These trends together indicate that the influence of O2 impurities on total storage capacity or physical immobilization at the Early Time (Supercritical + Residual) is not significant but affect the distribution of chemically trapped CO2 between dissolved or ionic form and mineral form. The scenario of pure CO2 keeps more CO2 in the dissolved phase, while the scenario of mixtures of CO2 + O2 keeps a slightly higher portion of CO2 in mineral form.
For secure storage, however, the re-partitioning of CO2 in the form of a change from dissolved CO2 to solid mineral carbonates is a positive development for storage security because the mineral form of CO2 will remain in storage permanently. The oxygen-rich stream will therefore induce a small but significant positive effect in terms of the permanence of the trap. Otherwise, the path of the trap remains the same.

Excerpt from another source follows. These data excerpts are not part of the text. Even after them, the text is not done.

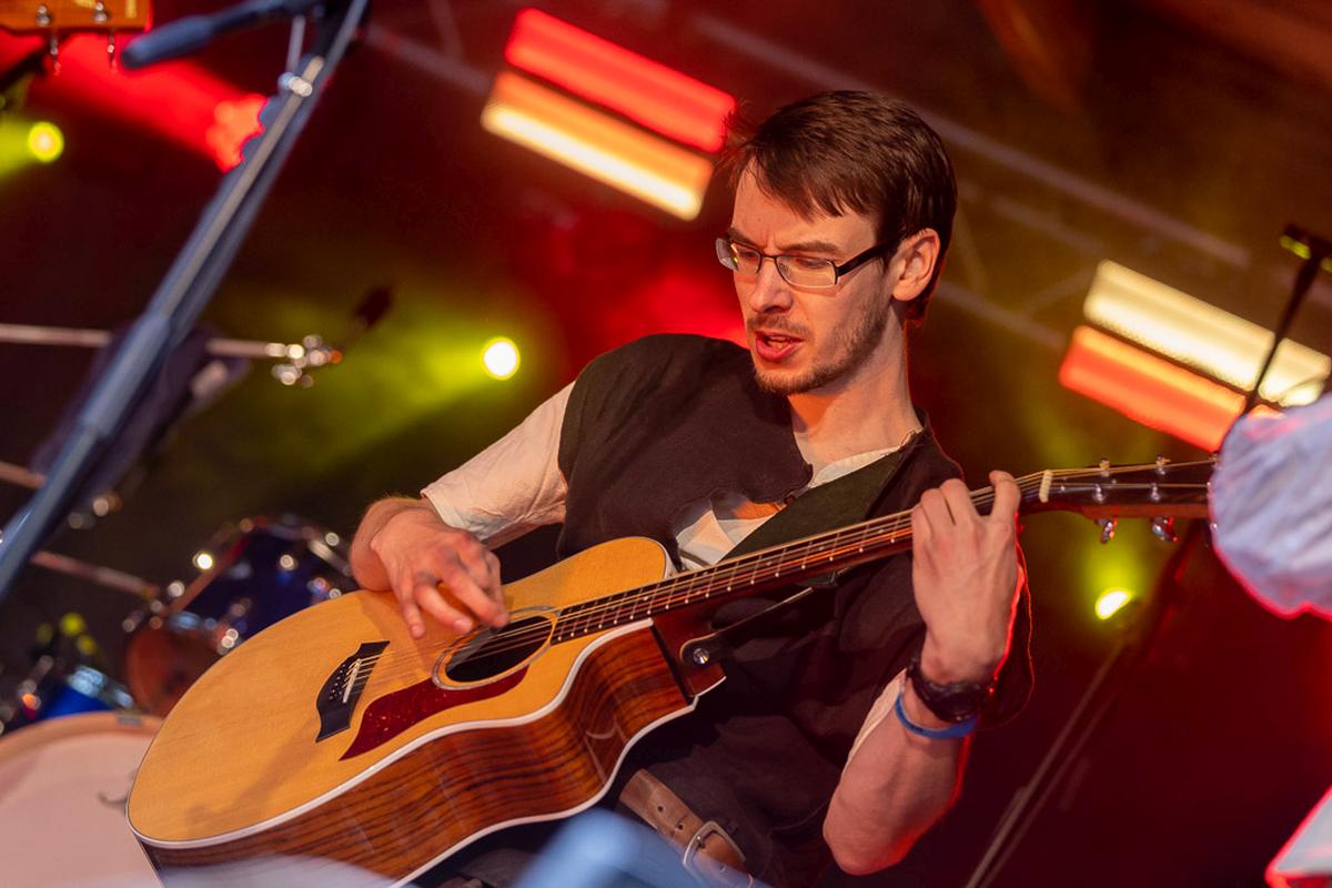 Der Auftakt liefert diesmal die Band Baumbart und auch diese Band ist für mich nicht unbekannt. Ich habe sie als Auftakt für das Wolfszeit Festival 2019 erlebt. Damals fand ich die Idee, diese Band mit ihrem Fanatsy-Folk alsWarm-Up schon echt unterhaltsam, deshalb begrüße ich die Entscheidung vom Dark Troll am Samstag mit Baumbart zu beginnen. Die Tänzer und Tänzerinnen unter den Zuschauern haben sich vor der Bühne versammelt und zusammen mit der verspielten Musik ergibt das ein echtes Erlebnis, was man so selten auf einem Black- und Pagan Metal-Festival erlebt. Später tobt wirklich ein Kampf auf und vor der Bühne, aber zuerst erleben wir Seefahrerromantik mit Akkustikinstrumente.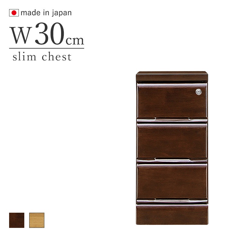 鍵付きチェスト 30-3段 引出し3段 スリムチェスト ブラウン・ナチュラル 日本製 完成品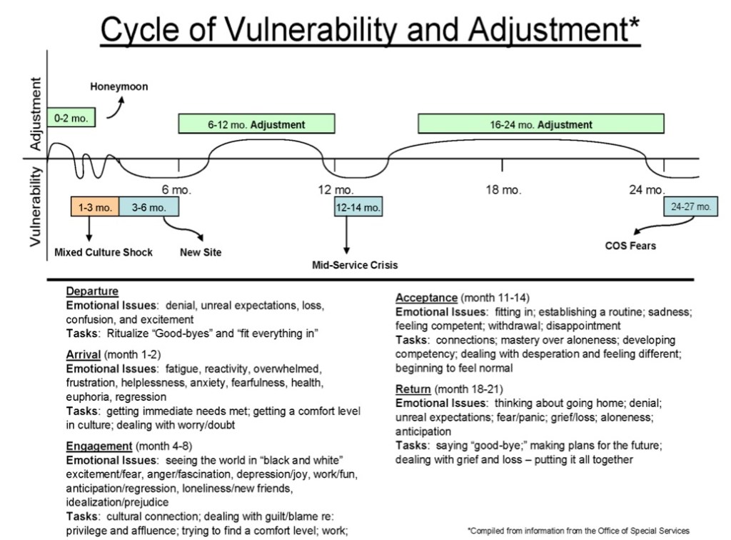 Thinking back to PST when Kathryn gave all of the PCTs the Cycle of Vulnerability and Adjustment, I remember thinking to myself: “This won’t affect me nearly as much as it will other PCVs.” I wasn’t being arrogant. Truly. I honestly thought that my coping mechanisms had been tried thoroughly before.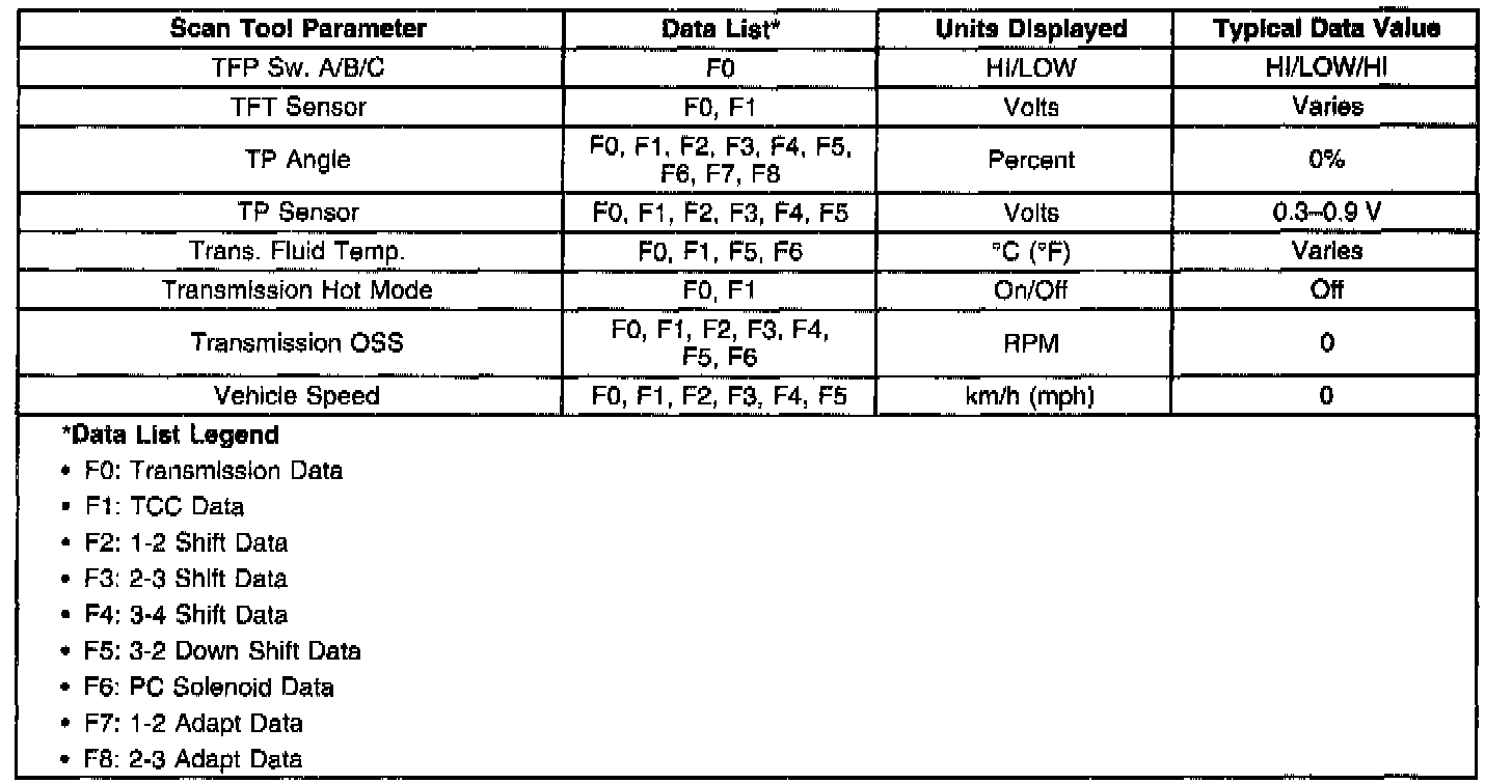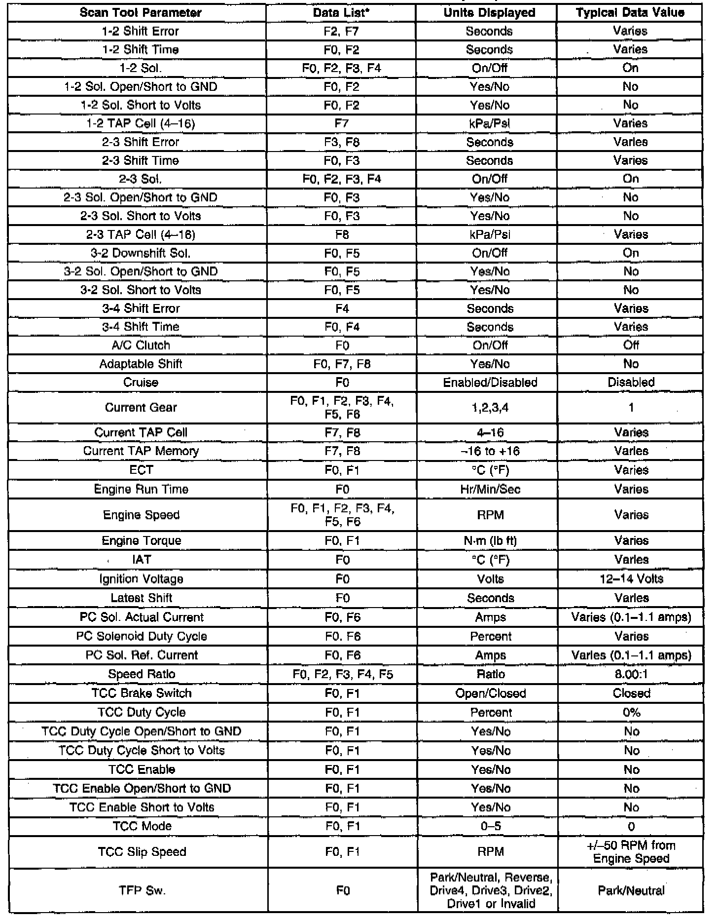 Only the parameters listed below are used in this section for diagnosing. If a scan tool displays other parameters, the values are not recommended by General Motors for use in diagnosis. Scan tool values below were recorded under the following conditions: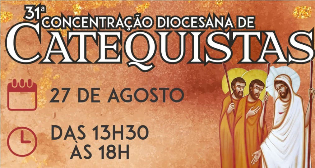 31ª Concentração Diocesana de Catequistas Dia: 27 de agosto de 2022 Horário: das 13h30 às 18h. Local: Paróquia Nossa Senhora Mãe dos Homens e Santo Antônio de Pádua, em Louveira.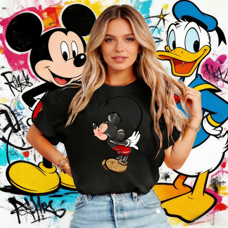 2026 Sommer Disney Mickey Maus T-Shirt 100% Reine Baumwolle Kurzärmelig Lässig Locker Atmungsaktiv Oberteil Nicht dehnbar cm

4.4. Simulation Running Time

The plot provides an outline of the simulation run times for the CO2 storage scenarios ordered with respect to increasing run time, demonstrating the cumulative effect of increasing levels of complexity. It should be noted that the simplest scenarios, the “Base” and the “Hysteresis Only” simulation, have the shortest run times because these examples are relatively simple and consist only of basic multiphase fluid dynamics with little or no nonlinear couplings. Within these example scenarios, the migration of the CO2 is primarily controlled by structural trapping and the system dynamics allow for the use of very large timesteps and fast convergences.
Figure 22 shows the running time of the different scenarios studied. The coupling of mineralization, hysteresis, and vaporization causes a pronounced increase in the runtime. When simulating mineral entrapment, both multiphase flow processes and geochemical reactions, like aqueous speciation, have to be linked, whereas simulations involving vaporization imply additional phase equilibrium calculations. Despite this complexity, the solver still has to deal with a highly coupled nonlinear problem, which increases computational time.
Carbonate systems involving vaporization but having low Ca concentration resolution (Ca resolution of 5k) have been found to have intermediate simulation times. It should be noted that although calcium chemistry is simulated at a relatively coarse resolution, reactions involving carbonate minerals remain active. This signifies that even when Ca resolution is very coarse, there is a large computational overhead compared to other physical trapping mechanisms.
The added O2 species further raises the simulation time due to additional equations for mass balances and the speciation of the aqueous and gas phases. The expanded chemistry scheme introduces numerical stiffness and limits time stepping.
An increase in the Ca concentration solution to a level of 50k in clastic sedimentary geologies, combined with vaporization, leads to a higher runtime. The Ca concentration tracing process increases the species and reactions in the aqueous component, increasing the interaction between the hydrologic transport process and geochemistry. This increases non-linearity and the number of iterations.
The runtime for the systems involving vaporization, Ca, with a concentration of 50k, is slightly higher for the carbonate systems compared to clastic systems. This is expected, as the reactivity of the systems, along with the rock-fluid-chemistry interactions, makes the systems stiffer, even for a moderate level of chemical resolution.
In these cases with intermediate timesteps, the longest running times are those with mineralization, vaporization, and long simulation times of 500 and 1000 years. This is because the long simulations entail more timesteps to account for the slower reactions in mineral trapping, CO2 dissolution, and geochemical equilibration. This result clearly shows that the effect of simulation time is significant in computationally expensive problems involving geochemistry.
The most computationally intensive problem is the carbonate system with vaporization and high Ca concentration resolution (Ca 200k). In this problem, strongly reactive carbonate minerals, detailed aqueous Ca chemistry, and kinetic discretization all interact to produce a strongly nonlinear and coupled problem. A large number of calculations of chemical reactions per time step make the problem stiffness and result in the largest runtime as shown above. In particular, the figure shows that there is a tradeoff between physical and geochemical fidelity and speed for simulations involving CO2 storage.
While structural trapping and hysteresis simulations are computationally inexpensive, mineralization, multi-component phase simulations, simulations involving tracking the Ca concentrations, longer-term prediction, and higher geochemical resolution are runtime intensive. Such findings illustrate the need for appropriate model complexity choices depending on the context of the simulations, especially when performing large-scale sensitivity analyses.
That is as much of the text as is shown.